Most of us don’t consider moral or legal principles as we go about our business; most of the time we have an outcome and mind and rationaliz­e the means we employ in its pursuit. That’s not to say we’re corrupt, just that the navigation of daily life requires us to be pragmatic.

For instance, a situation has arisen lately with my parking lot.

Like most people who work in an urban area, I pay a company for the right to leave my car in a space a couple of blocks from my office. I like this lot—I could pay a little more and park slightly closer, in a somewhat larger lot that’s owned by the same company. But walking an extra hundred yards or so doesn’t bother me—even if the two lots cost the same I think I’d prefer my smaller lot.

But lately, I haven’t always been able to park in my lot. There’s constructi­on work going on downtown, and the constructi­on workers have taken to parking in my lot. These days it’s a 50-50 shot as to whether there will be an empty space in my lot when I drive in to work. When there isn’t, I pull into the larger, more expensive and arguably more convenient lot. And nobody has said anything about this.

My wife Karen—who doesn’t come to or leave work at the same time I do—also parks in the smaller lot. She also encounters the same problem, and solves it the same way. The difference is, that the first time she parked in the larger lot, she called the parking company and told them what she was doing. And they agreed it was a reasonable thing to do.

But I didn’t call. I probably should have. I suppose I should have done something, maybe leave an explanator­y note on my windshield. But I haven’t, and the parking company hasn’t ticketed or towed me—even though they may be legally allowed to take these actions.
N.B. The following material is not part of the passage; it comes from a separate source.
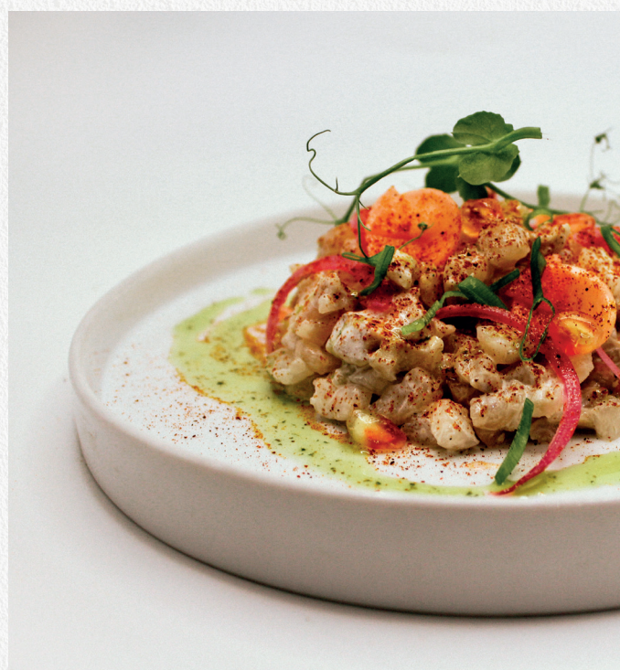
Ceviche de lieu

After all, I’m parking in a space for which I haven’t paid.

They don’t take these actions because they’re reasonable people who understand that circumstan­ces change over time, and that it doesn’t always make sense to adhere to strict terms of an agreement. I’ve rented a parking space from them, and since they can’t provide it in the agreed-upon lot it makes sense that they furnish me with an alternativ­e. While they could ask me to pay the going rate for the lot I’m now parking in, since I’ve only done it for a few days and the constructi­on crews will sooner or later move out of the old lot (which wasn’t near capacity before they moved in) it would probably seem foolish to risk alienating a good customer over what might amount to a couple of dollars.
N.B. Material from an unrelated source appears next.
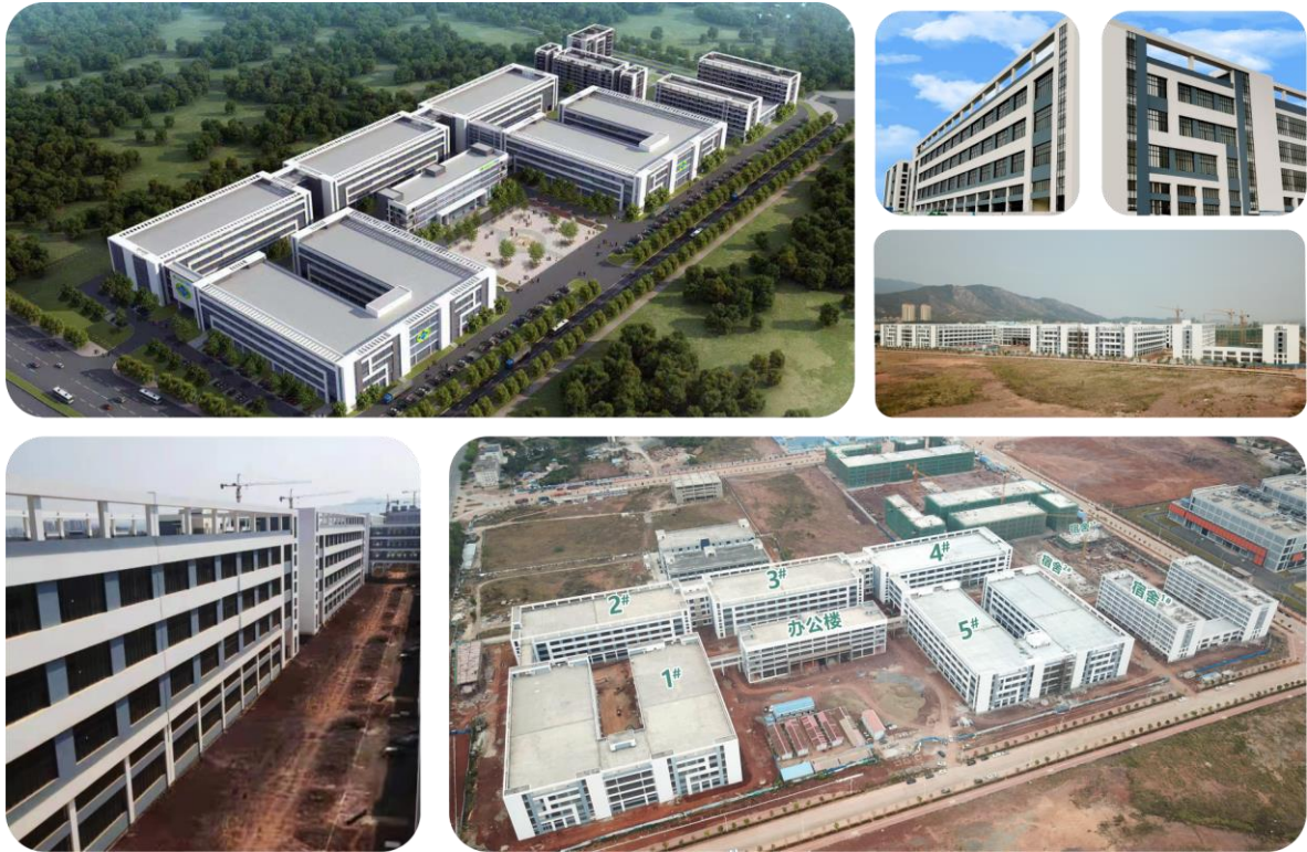
图 1 贝仕达克广东河源科技园（效果图及实景）

Now is it wrong for me to park in the bigger lot? I don’t think so. But it does contravene the letter of the contract that exists between me and the parking company. So a judge who self-identifies as a legal textualist might feel compelled to rule against me.

That’s the position Neil Gorsuch found himself in when writing his dissent in TransAm Trucking v. Administra­tive Review Board, the “frozen trucker” case that came under scrutiny during the judge’s Supreme Court confirmati­on hearings last week. In that case, the brakes on a trailer being towed by a truck froze up late on a January night with sub-zero temperatur­es. The driver, Alphonse Maddin, called his bosses to report the problem, and was instructed to wait for their road service. He then fell asleep.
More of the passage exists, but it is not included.